Gestión concreta: títulos de propiedad y programas socialesMientras el discurso nacional promete reformas y crecimiento, en Misiones la gestión sigue mostrando hechos. Passalacqua entregó en Puerto Rico más de 60 títulos de propiedad a familias del barrio fundacional San Alberto, reafirmando que “este no es un acto de entrega, es un acto de amor y devolución”. En tiempos de incertidumbre económica, ese tipo de gestos reafirman el vínculo entre el Estado provincial y su pueblo: dar seguridad, pertenencia y justicia a quienes esperaron años por el reconocimiento de su tierra.
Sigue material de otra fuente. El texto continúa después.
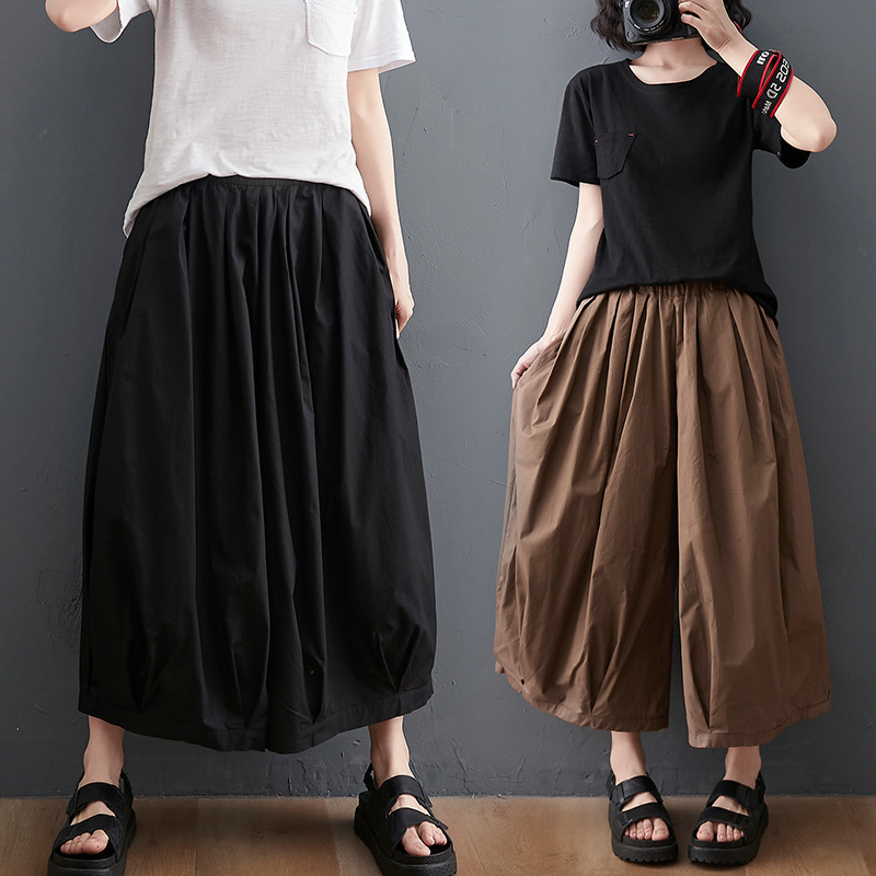 Celana Setengah Kaki Lebar Kasual Ukuran Besar Longgar Terlihat Ramping Pinggang Tinggi Modis Model Baru Musim Panas Wanita Celana Kerja Cuci Katun Murni

También se concretó, tras gestiones directas de la Provincia, la prórroga del régimen que permite compatibilizar programas sociales con empleo rural registrado. Una medida que sostiene la inclusión y la formalización laboral, fundamentales para las economías regionales. Es un logro que demuestra que la política del diálogo rinde frutos cuando se usa para construir y no para confrontar.

Misiones mantiene así su rumbo: gobierno cercano, gestión presente, decisiones concretas. Frente a un contexto nacional incierto, el misionerismo apuesta a la estabilidad, al trabajo y a la institucionalidad. La Nación tiene hoy el mando de la economía, pero la provincia conserva el pulso de la realidad cotidiana.
El mensaje de las urnas fue doble: por un lado, la gente acompañó al presidente por el otro, reconoció que el modelo provincial sigue siendo el que mejor interpreta sus necesidades. Por eso, más allá de los resultados, el desafío ahora está en la acción. Milei y Hartfield tienen que empezar a devolver la confianza que le dio la gente. El país entra en una etapa decisiva. Los votos del 26 de octubre trasladaron la responsabilidad a la Nación. La esperanza, la economía y el bienestar de la gente están hoy en manos del presidente Milei. Que empiece a moverse. Misiones ya lo hizo.